What is expected: The output should match, line for line, the records from the line containing "Der Koch-/Ess-Bereich wurde" through the line containing "Camel & Black", with every picture left out.

Stored entries:
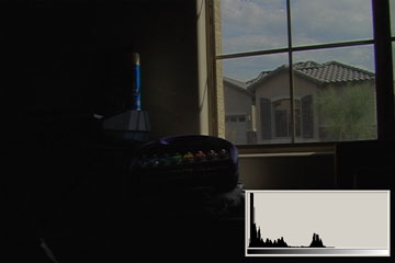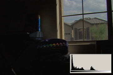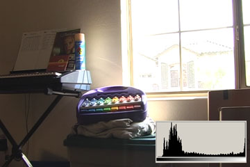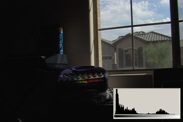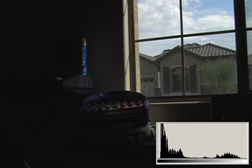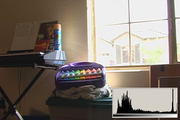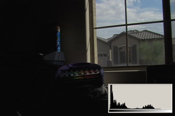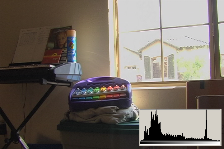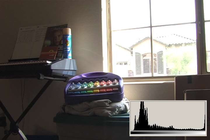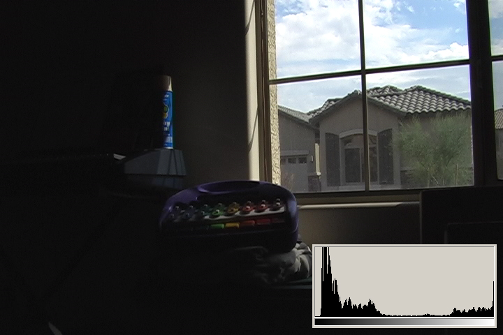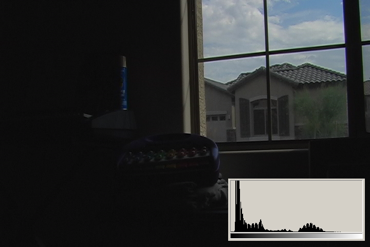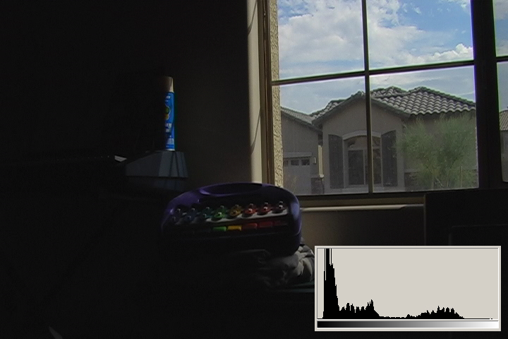3.1 is what we typically expect from consumer digital video cameras when shooting daytime interiors: blown out blobs where the widows are supposed to be. We can actually see just a hint of some of the darker exterior elements, the overhang and shutters. The histogram shows clipped highlights running up the right side at 110IRE/255.
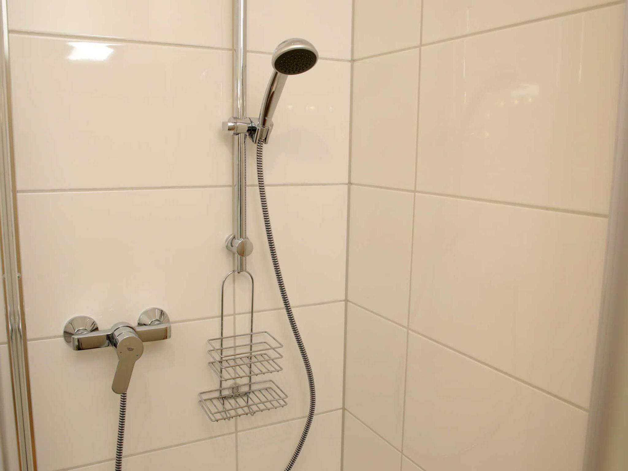 Der Koch-/Ess-Bereich wurde mit einer modernen Küchenzeile ausgestattet (u. a. mit Mikrowelle mit Grillfunktion), das Bad mit Dusche/WC und Handtuchheizung.
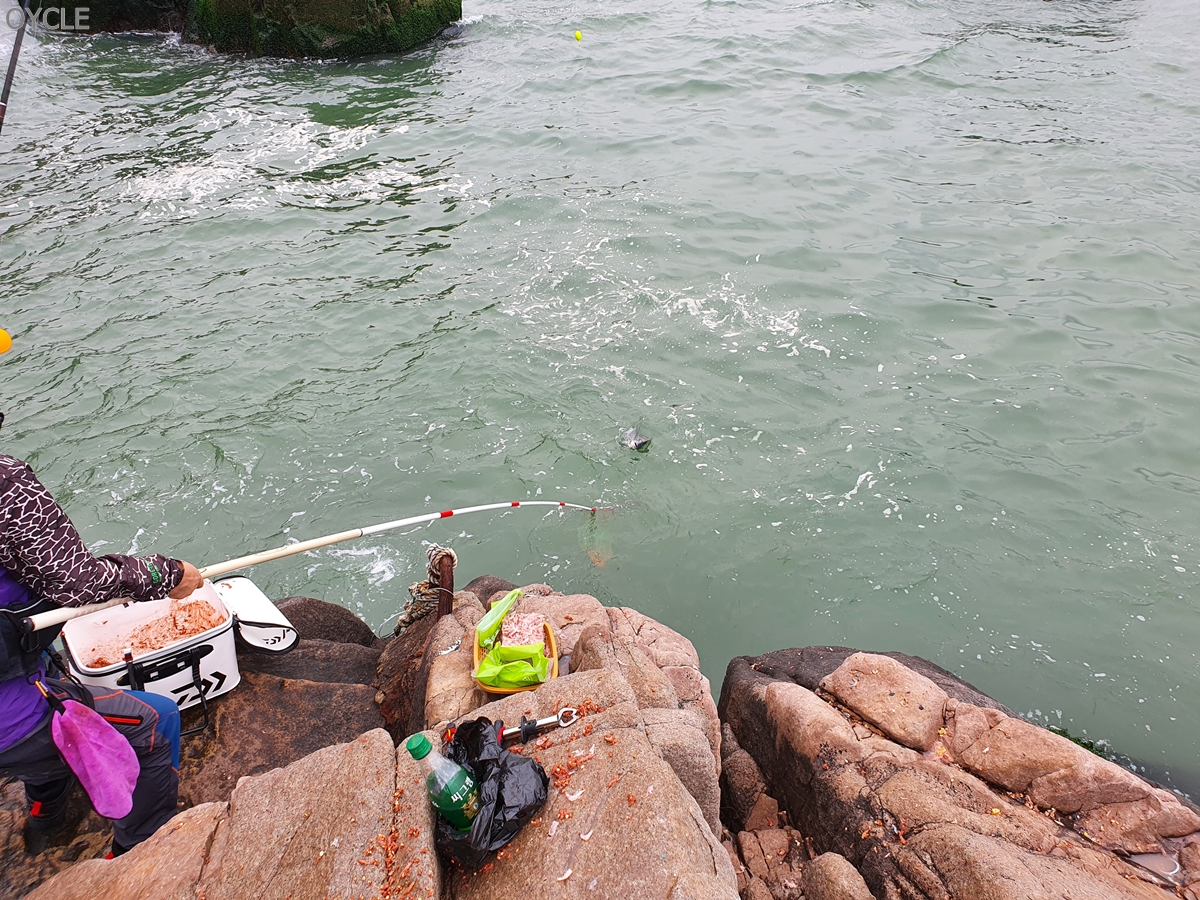 조금 시간이 지나니 파도가 심해졌고 중간에 사고가 터졌다. 낚시 가방을 통째로 파도가 가져가버린 것이다. 다행히도 오전 낚시 철수배가 근처에 있었고, 선장님이 나를 보고 있었는지 바로 달려와서 건질 수 있었다.
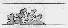 血小板粘集堆的形成是血栓形成的第一步,嗣后血栓形成的过程及血栓的组成、形态、大小都取决于血栓发生的部位和局部血流速度(图3-4)。
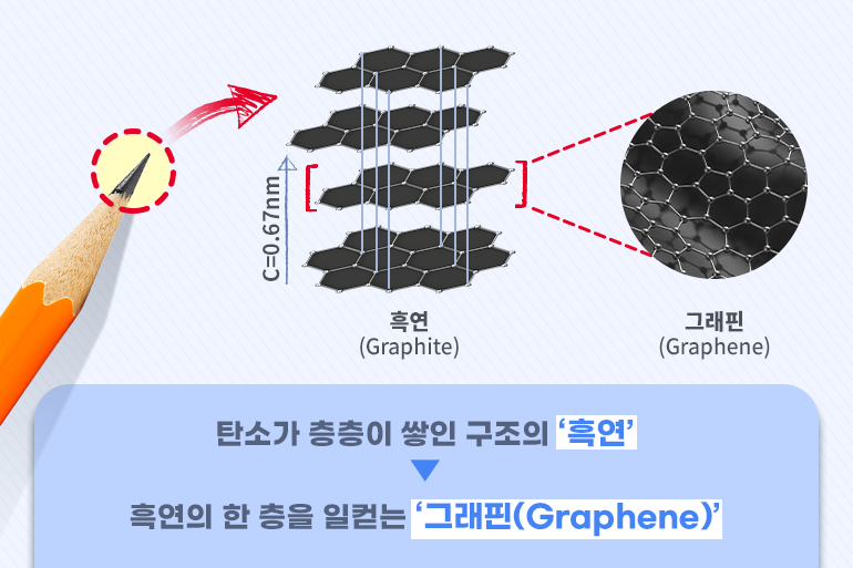 연필심으로 쓰이는 흑연 속에 ‘꿈의 물질’이라 불리는 신소재가 있다는 사실, 알고 계셨나요? 흑연은 탄소가 층층이 쌓인 구조인데 이 흑연의 한 층을 ‘그래핀(Graphene’)이라고 부릅니다. 이미 4~50년 전부터 물리학자들이 그래핀이 가진 무한한 가능성에 대해 이야기 해왔지만 그래핀을 추출하는 것이 쉽지 않았는데요. 그러다가 2004년, 영국 연구팀의 물리학자들이 스카치테이프로 흑연에서 그래핀을 최초로 분리하는 데 성공해 2010년 노벨 물리학상을 수상했습니다.
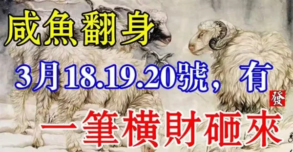 3月18.19.20號有一筆橫財襲來,鹹魚大翻身的生肖
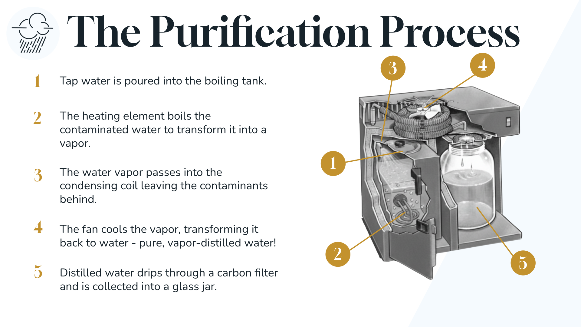 Distillation offers something unique: it separates your water from impurities through a controlled physical process. By heating water until it becomes steam and condensing it, distillation helps reduce a wide range of substances, including dissolved solids, metals, and particles, without relying on filters that degrade over time. Because you are physically transforming the water, the finished water’s composition remains consistent from batch to batch.
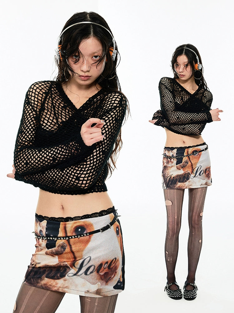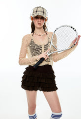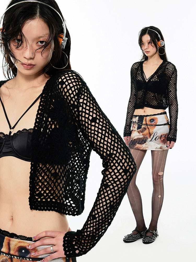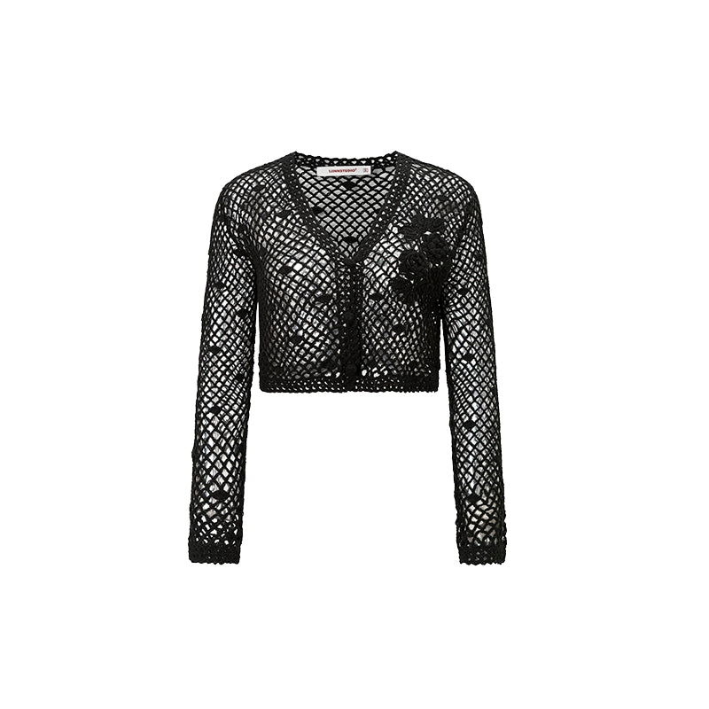 Camel & Black Lace V-neck Cardigan - CHINASQUAD
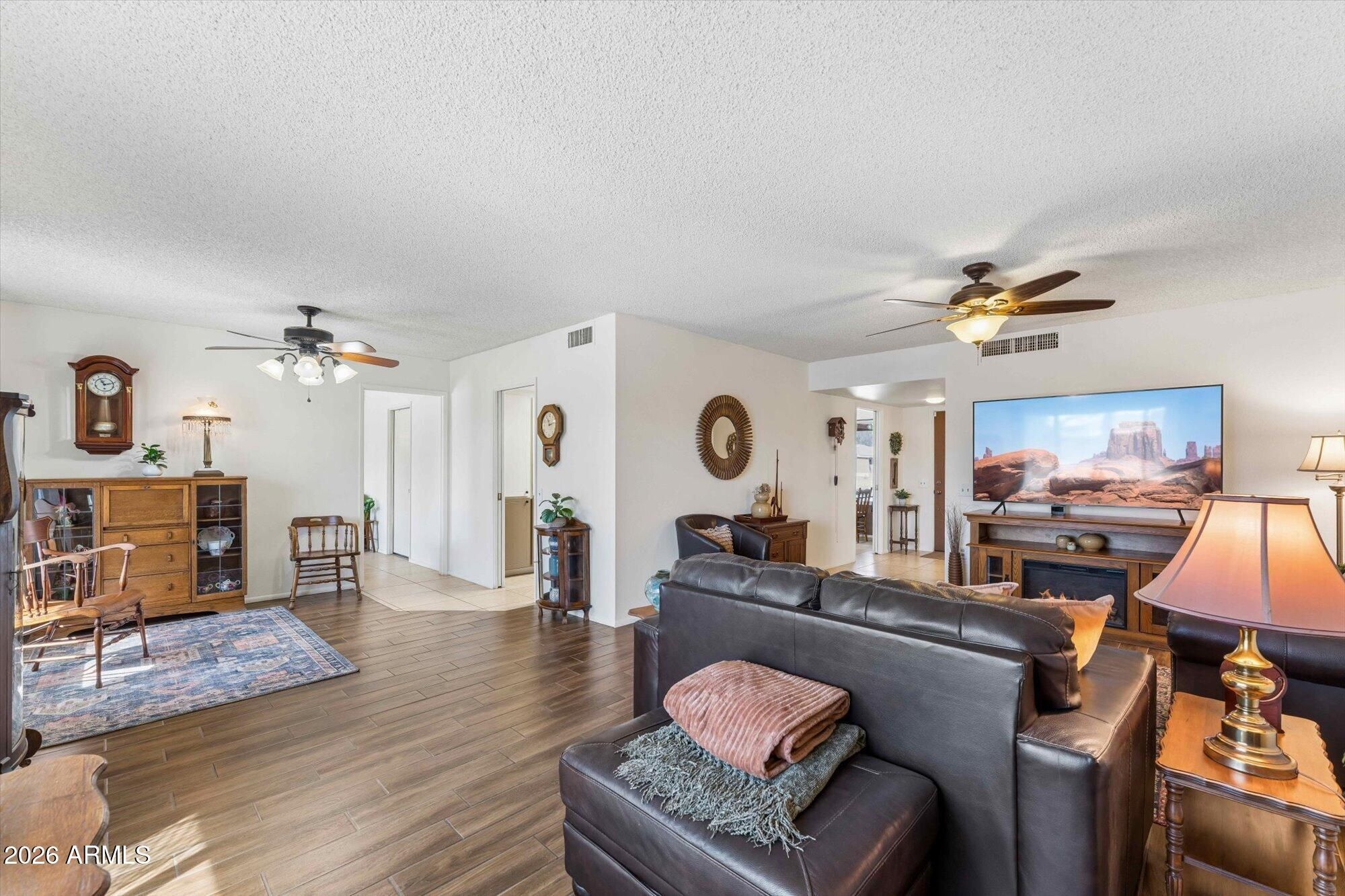 This 1,832 sq ft Sun City home delivers one of the community's most comfortable, functional layouts with easy flow and generous room sizes. Attractive flooring extends through the main living areas, and the semi-updated kitchen adds a fresh, inviting feel. The 3-bed, 2-bath design includes a 2-car garage and sits on a .20-acre lot in an established 55+ community. The floor plan offers strong separation between living spaces and bedrooms for privacy and flexibility. A large living area supports multiple furniture setups, and the dining space connects naturally to the kitchen. Well-proportioned bedrooms allow room for full-size furniture or a dedicated office. Its location provides quick access to recreation centers, golf, and neighborhood amenities, making it a great fit for new buyers!

Finished exercise:
 Der Koch-/Ess-Bereich wurde mit einer modernen Küchenzeile ausgestattet (u. a. mit Mikrowelle mit Grillfunktion), das Bad mit Dusche/WC und Handtuchheizung.
 조금 시간이 지나니 파도가 심해졌고 중간에 사고가 터졌다. 낚시 가방을 통째로 파도가 가져가버린 것이다. 다행히도 오전 낚시 철수배가 근처에 있었고, 선장님이 나를 보고 있었는지 바로 달려와서 건질 수 있었다.
 血小板粘集堆的形成是血栓形成的第一步,嗣后血栓形成的过程及血栓的组成、形态、大小都取决于血栓发生的部位和局部血流速度(图3-4)。
 연필심으로 쓰이는 흑연 속에 ‘꿈의 물질’이라 불리는 신소재가 있다는 사실, 알고 계셨나요? 흑연은 탄소가 층층이 쌓인 구조인데 이 흑연의 한 층을 ‘그래핀(Graphene’)이라고 부릅니다. 이미 4~50년 전부터 물리학자들이 그래핀이 가진 무한한 가능성에 대해 이야기 해왔지만 그래핀을 추출하는 것이 쉽지 않았는데요. 그러다가 2004년, 영국 연구팀의 물리학자들이 스카치테이프로 흑연에서 그래핀을 최초로 분리하는 데 성공해 2010년 노벨 물리학상을 수상했습니다.
 3月18.19.20號有一筆橫財襲來,鹹魚大翻身的生肖
 Distillation offers something unique: it separates your water from impurities through a controlled physical process. By heating water until it becomes steam and condensing it, distillation helps reduce a wide range of substances, including dissolved solids, metals, and particles, without relying on filters that degrade over time. Because you are physically transforming the water, the finished water’s composition remains consistent from batch to batch.
 Camel & Black Lace V-neck Cardigan - CHINASQUAD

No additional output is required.